As characterized in one of England's newspapers, The Guardian, recently, pianist Leslie Howard has been described by some as "a master of tradition of pianism in serious danger of dying out."

Why? Howard himself offered many insights into the answer during a telephone interview from London.

"I would hate to be starting now," Howard admitted. "There are far fewer secure ways of getting into the business.

"We've got a whole generation of people whose parents only know pop music. They don't go to classical concerts, and they don't buy classical records until they're much older, and they suddenly discover that it actually will hold their attention span for longer than three minutes. It's sociologically quite different."

Though he knew he would be a concert pianist, Howard said that to begin, he actually got his degree in literature — not music. He also studied mathematics, physics and chemistry in school. "I must say I'm very glad I did it that way. I always get distressed with people who go to music college and who don't do anything else. They come out not knowing how the music they play is supposed to relate to anything, or where it fits in history. I think you should have the broadest possible background that you can."

Although he was born in Melbourne, Australia, Howard's own broad background and love for all things English eventually took him to London, where he has been based for 30 years.

Howard said he entered the profession right at the end of the period when relatively few performing artists were asked to make records. Luckily, he said he was one of them, but there have been dramatic changes since then.

He observed that "in recent years, there has been such a glut on the market because practically everybody has a CD out, and none of them are selling. There's so much needless duplication. I don't think we need 60 different pianists' complete sets of the Beethoven Sonatas. Everybody should play them, but it's not absolutely necessary that everybody record everything."

Perhaps it was this passion that spurred Howard to be the first pianist to record the complete works of Liszt — a composer he felt was relatively neglected and somewhat maligned. "I felt that Liszt was getting very bad press, especially from ignorant people who think that he only writes very difficult music for people to show off with, which is, I'm afraid, still is a very prevalent attitude. Five minutes' examination of his catalog would show you that it wasn't true.

"Particularly, I get annoyed with young piano players who play with very bad taste, and everybody then blames Liszt for it. That always drives me mad because it's really not Liszt's fault if people have bad taste. I just thought Liszt needed somebody to do the proper job." The complete set has 94 CDs in it, and Howard says he'll be recording an additional CD of music that has surfaced in the past couple of years. "There's no other composer who wrote that much music for anything. There's no comparable thing. All the Schubert songs take 35 CDs, all the Beethoven piano music takes 18, and so on."
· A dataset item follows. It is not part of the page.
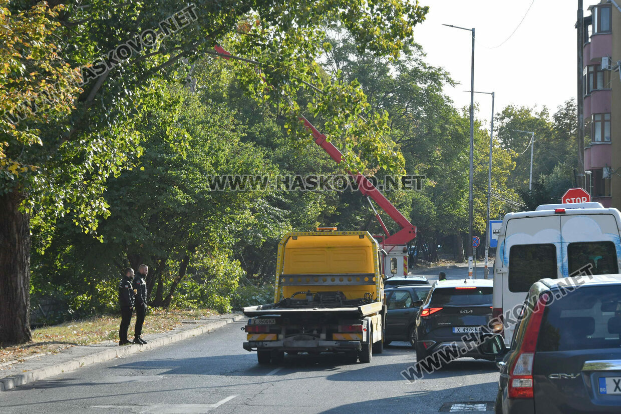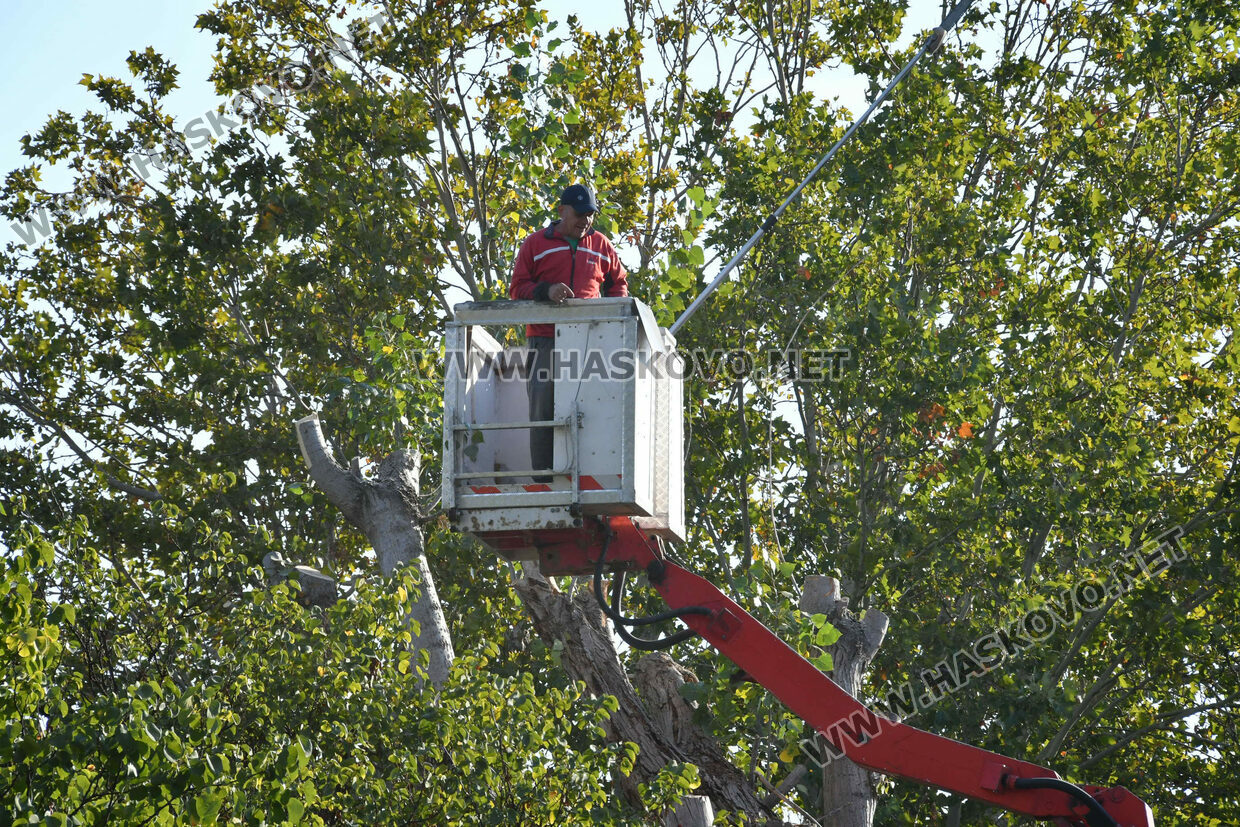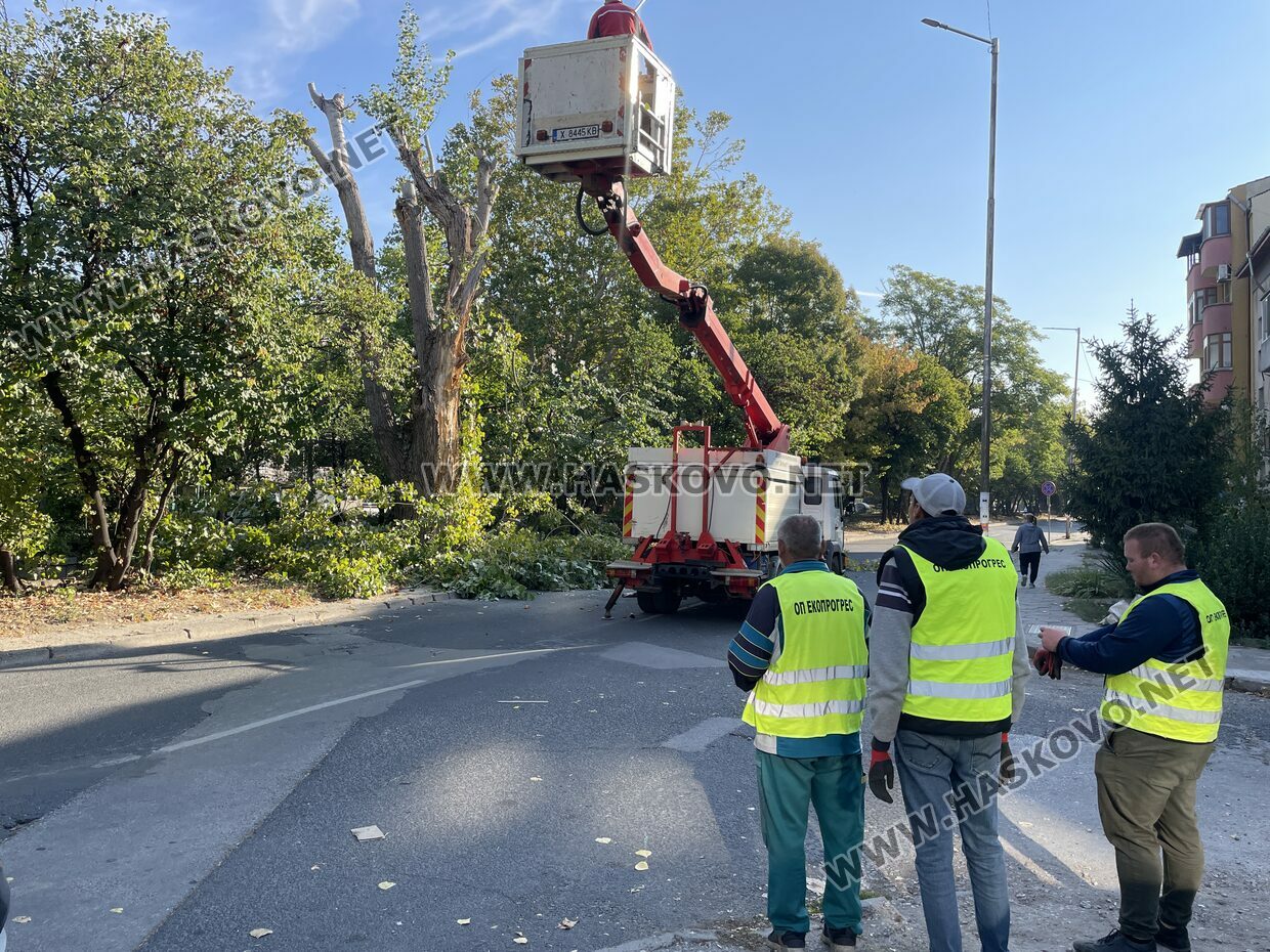 Затвориха булевард „Илинден“ в Хасково заради резитба на стари тополи. Пътното платно е отцепено от екипи на „Общинска полиция“, а служители на „Екопрогрес“ извършват резитбата на дърветата с помощта на специализиран автомобил тип „вишка“. Има и служители на общинската служба КОРЗ.

Howard will perform in concert as a guest of the Opus Chamber Orchestra. He'll play a solo piano recital on Tuesday, April 24, at 7:30 p.m. in the All-Saints Episcopal Church, and again with the Opus Chamber Orchestra on Sunday, April 29, at 5 p.m. in the Jewett Center at Westminster College. Tickets may be purchased at the door or by calling ArtTix at 355-ARTS (2787) or 1-888-451-ARTS.

Appropriately, Howard will include Liszt on his solo recital program, as well as two Beethoven Sonatas, a set of variations by Mozart, and Schumann's Symphonic Etudes, Op. 13. He'll play Beethoven's Concerto No. 5 "The Emperor" with the Opus Chamber Orchestra on Sunday.